And there are even acknowledged conspiracy theories that barely contain anything we would really want to call a conspiracy. Take the claim that the US government retrieved a crashed flying saucer outside Roswell, New Mexico in 1947 and performed autopsies on the bodies of its alien occupants. It is not illegal, or even discreditable, for public authorities to investigate the site of an air disaster, recover the wreckage and carry out appropriate forensic work on the dead passengers and crew - they might even expose themselves to criticism if they did anything else. The Roswell story only becomes a conspiracy theory at all because of the claim that what happened was then elaborately covered up.

And something similar can be said about the widely-rehearsed conspiracy theory to the effect that the Apollo moon landings were faked. It is not a crime to fail to send space rockets to the moon: it is something all governments do most of the time, and most governments do all of the time. Once again, the alleged cover-up is the only conspiracy in question.

It would be understandable to conclude that ‘conspiracy theory’ is simply an insult, and does not point to any definable group of belief systems beyond ones which the person using it wants to portray as deluded. But this is not quite right. I cannot describe any belief I choose as a conspiracy theory, just because I disagree with it: it would sound very strange to call Keynesianism or Methodism a conspiracy theory - or at least you would expect me to justify it with some novel analysis of those belief systems, showing how the label was applicable after all. Conspiracy theories certainly cannot be defined simply as theories involving conspiracies, given that involving a conspiracy is neither a sufficient nor perhaps even a necessary condition; but the term does not function purely as an insult.

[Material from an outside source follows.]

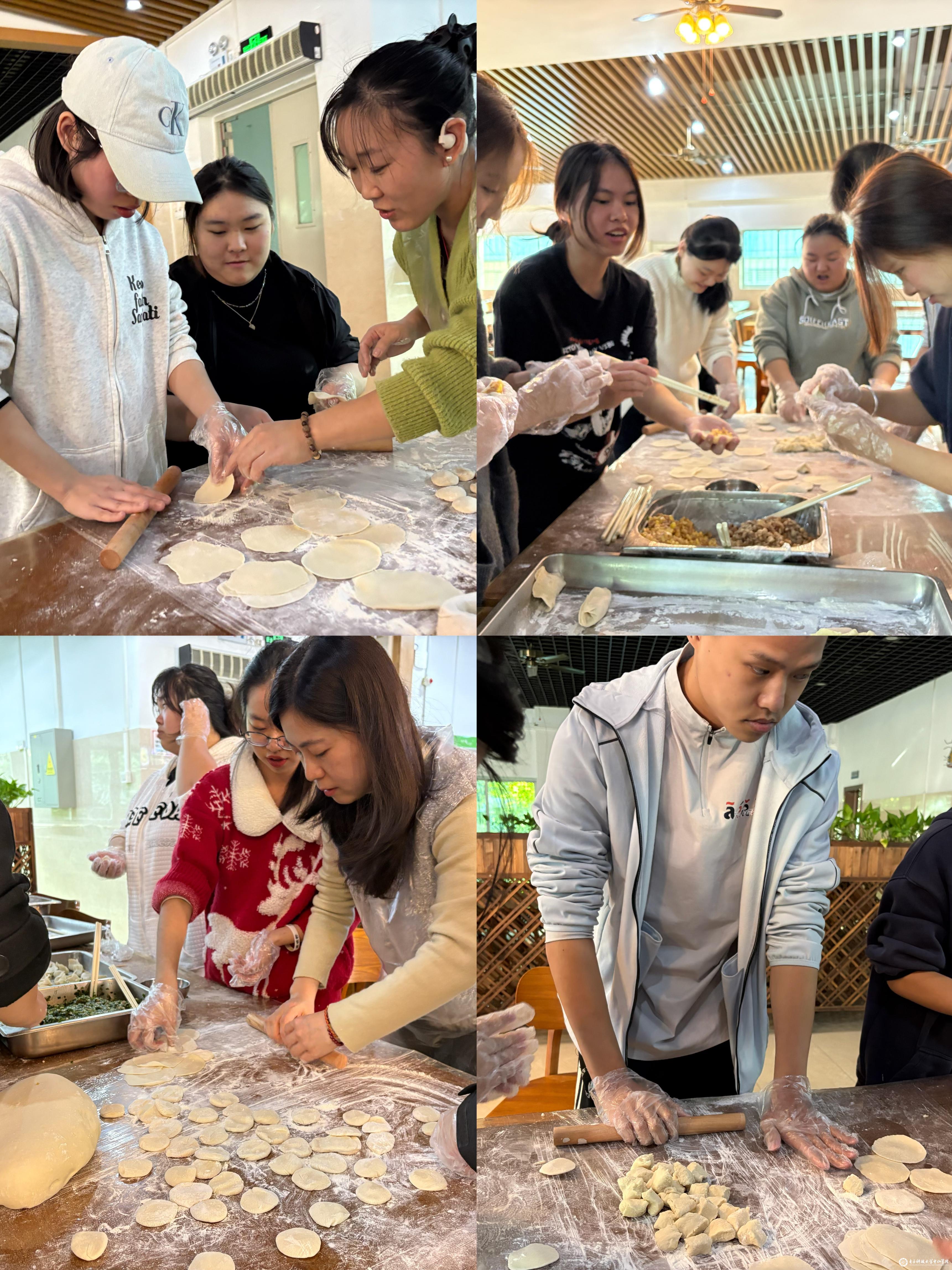 当天下午,在凤翔餐厅三楼,笑声连连,节日的喜悦洋溢在每个同学的脸上。老师与同学们分工协作,揉面、擀皮、调馅、包饺子,每一个步骤都认真对待,每一个细节都倾注了满满的心意。活动期间,老师们不仅传授了包饺子的技巧,还与学生们亲切交流,询问他们的学习与生活情况,同学们也积极参与其中,他们相互学习、相互帮助,共同完成了一个个形态各异的饺子。有的饺子小巧精致,宛如艺术品;有的饺子则略显“豪放”,但那份纯真与热情却让人倍感亲切。在欢声笑语中,师生欢聚一堂,共同体验传统民俗的魅力,感受家的温暖与团圆的美好。

To see more clearly what these ideas have in common, and why they enjoy such current popularity, we shall need to examine a few cases in slightly more detail.

Sinister

It makes sense to begin with the widespread group of beliefs in which any disorder, failure or dissent is put down to the secret machinations of professor Moriarty or Dr Fu-Manchu - outside agitators, Russian hackers or the Trotskyite-Zinovievite gang of diversionists and wreckers.

This kind of outlook obviously relies on a very strong sense of the existing authorities’ competence and self-evident goodness. Without that, it loses its coherence. If the government were not so wise, a certain level of accident and conflict would seem natural; if it were not so shiningly benevolent, we would not be surprised to find that some people oppose it. But, if we are firmly convinced that the government - or at least the establishment - is indeed a paragon of excellence, then the hidden spite of its enemies becomes a very useful explanation, whenever difficulties do arise. Nor need this always be a conscious attempt to mislead or make excuses. Very probably a lot of white racists in the American south did sincerely believe that all the fuss about civil rights had been got up by ‘outside agitators’, so as to cause trouble. (In general, people who benefit from a social order are quite likely to regard its rightness and justice as beyond reproach: they will not usually be consciously lying when they affirm that they deserve everything they have.)

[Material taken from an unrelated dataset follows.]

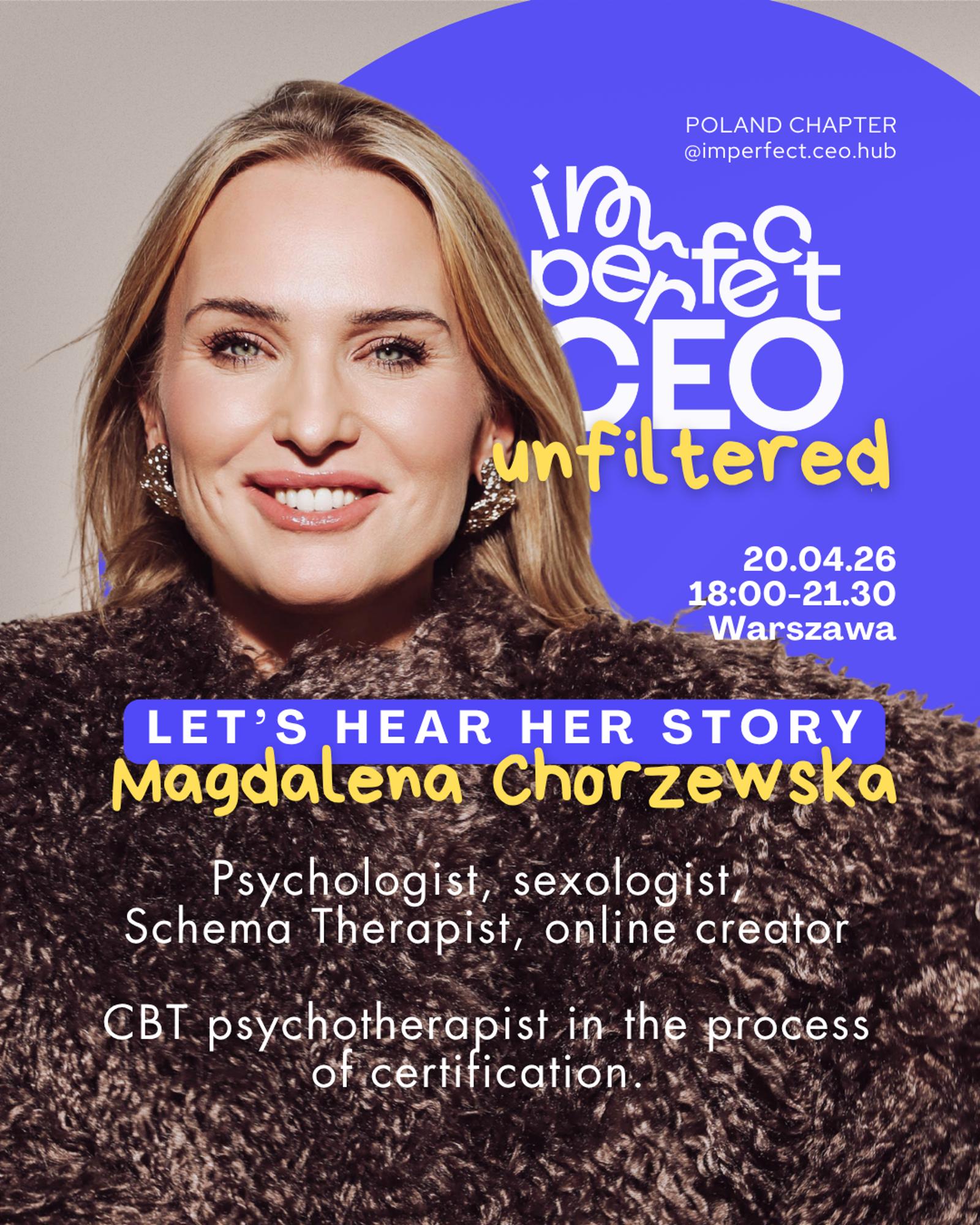 Naszą pierwszą panelistką będzie Magdalena Chorzewska, znana na Instagramie jako psycholożka, seksuolożka i psychoterapeutka, która na co dzień pracuje z kobietami na wysokich stanowiskach. Magda przyniesie na scenę konkretne historie z gabinetu i podzieli się praktycznymi wskazówkami: jak dbać o siebie w samotnej drodze liderki na szczyt, jak stawiać granice, jak nie zgubić siebie w pogoni za wynikami.

The wise and benevolent authorities who feature in these ‘Moriartian’ beliefs need not always be identified with the specific personnel occupying particular political offices. In the Trump-Russia case, believers in the all-powerful machinations of the Kremlin certainly do not intend to shield Donald Trump himself from criticism. On the contrary, they view him as a monstrous anomaly, whom they are reluctant even to acknowledge as their president. The conspiracy theory serves to defend not his honour, but that of the Obama-era status quo, by allowing believers to assert at once that Trump is an abomination who needs to be resisted with all possible vigour and that American politics was nonetheless broadly on the right track up until the very moment when he came down the fancy escalator in the summer of 2015.

The emergence of a victorious mass movement for Trumpism is not, on this reading, symptomatic of any wider social ills that might call for any wider social change to put them right: in fact, it tells us nothing about America. Were it not for the diabolical cleverness of Moscow’s internet-enabled puppet masters, all might have been well.

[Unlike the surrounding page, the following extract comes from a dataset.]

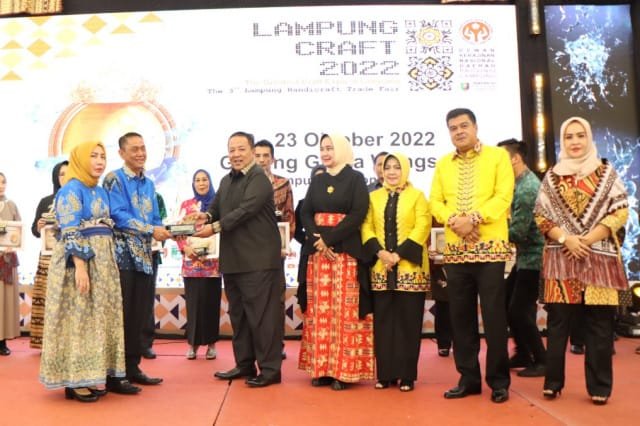 Pada Kesempatan tersebut Ketua Dekranasda Provinsi Lampung mengumumkan bahwa ikon Lampung Craft Tahun 2023 adalah Kabupaten Lampung Tengah. (W9-jam)

As it happens, this closely resembles ideas that enjoyed wide circulation among the ‘red-brown’ opposition in Russia itself following the Soviet collapse. For people whose dearest wish was somehow to return to the old days - the old, golden days, when an honest politburo had presided benignly over the affairs of the USSR and the hand of Konstantin Ustinovich Chernenko had guided the tiller - it was unsettling to reflect that the whole magnificent system had been only a few years away from spontaneously unravelling. Gorbachev’s rise to high office had already begun. How can the stagnation-era Soviet Union have been the good society we all yearn for, if it contained the seeds of its own destruction in such a state of ripeness? The answer is the familiar one. It did not really collapse: it was cut down by the nefarious plots of its enemies. Perestroika was a trick dreamt up by agents of the CIA. Discontent in the republics and at the centre was artfully fanned by networks of manipulators: Yeltsin-America.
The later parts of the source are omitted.